Source records section start

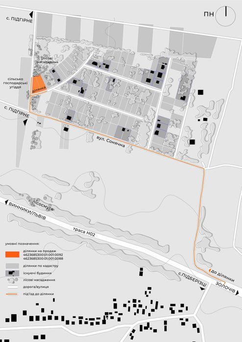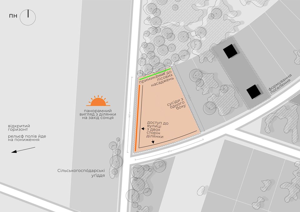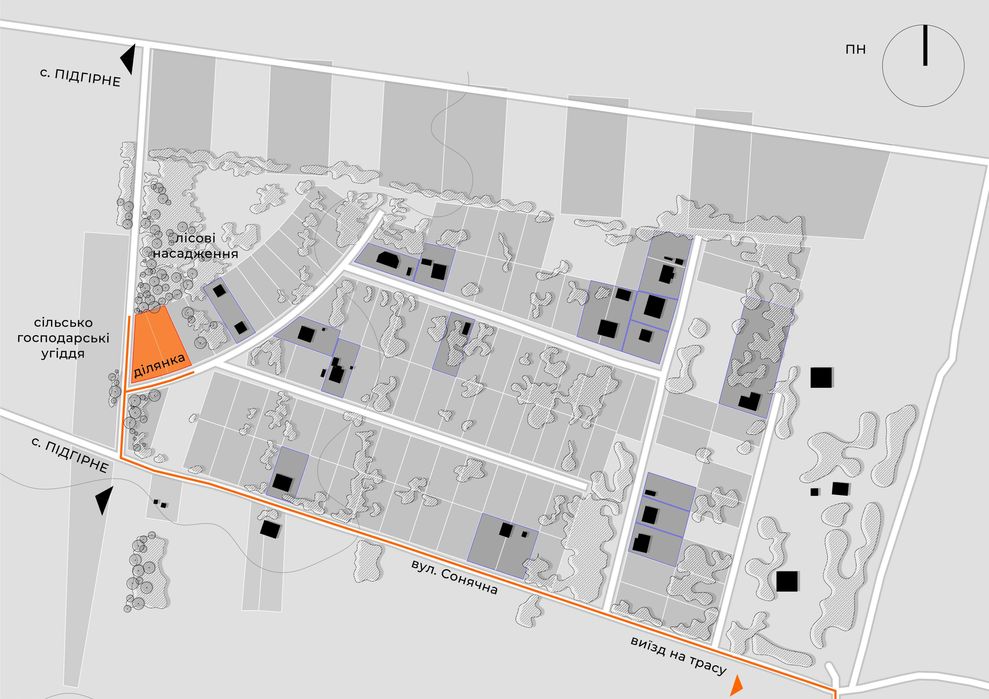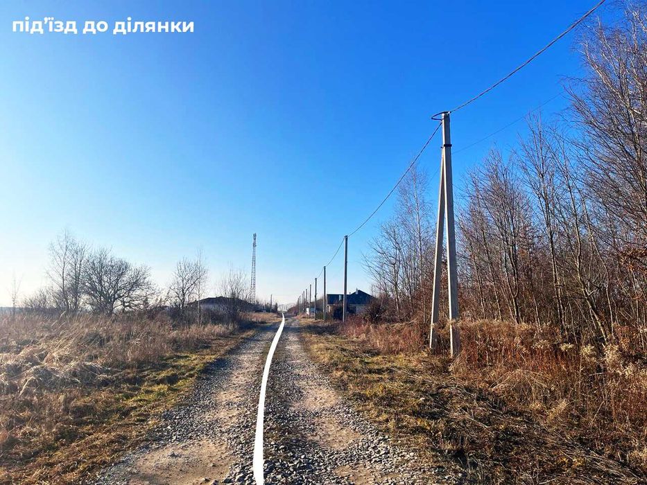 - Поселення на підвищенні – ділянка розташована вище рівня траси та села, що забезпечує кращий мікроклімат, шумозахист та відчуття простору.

Source records section end
Source records section start

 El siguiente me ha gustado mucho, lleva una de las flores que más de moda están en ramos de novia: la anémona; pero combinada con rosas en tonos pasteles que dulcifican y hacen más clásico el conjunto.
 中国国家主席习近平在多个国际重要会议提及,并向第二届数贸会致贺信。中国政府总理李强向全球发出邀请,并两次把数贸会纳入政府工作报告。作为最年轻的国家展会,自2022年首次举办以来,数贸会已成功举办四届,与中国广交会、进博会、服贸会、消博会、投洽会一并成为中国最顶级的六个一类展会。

Source records section end
Source records section start

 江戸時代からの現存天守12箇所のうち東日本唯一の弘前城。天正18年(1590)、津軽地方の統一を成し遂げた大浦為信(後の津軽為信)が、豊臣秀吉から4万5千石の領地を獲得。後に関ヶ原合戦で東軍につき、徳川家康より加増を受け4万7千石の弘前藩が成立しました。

Source records section end

• **Exercise instructions**
Copy the lines of the data above exactly as written, beginning with the line containing "El siguiente me" and ending with the line containing "中国国家主席习近平在多个国际", and leave out all other lines.

• **Exercise output**
 El siguiente me ha gustado mucho, lleva una de las flores que más de moda están en ramos de novia: la anémona; pero combinada con rosas en tonos pasteles que dulcifican y hacen más clásico el conjunto.
 中国国家主席习近平在多个国际重要会议提及,并向第二届数贸会致贺信。中国政府总理李强向全球发出邀请,并两次把数贸会纳入政府工作报告。作为最年轻的国家展会,自2022年首次举办以来,数贸会已成功举办四届,与中国广交会、进博会、服贸会、消博会、投洽会一并成为中国最顶级的六个一类展会。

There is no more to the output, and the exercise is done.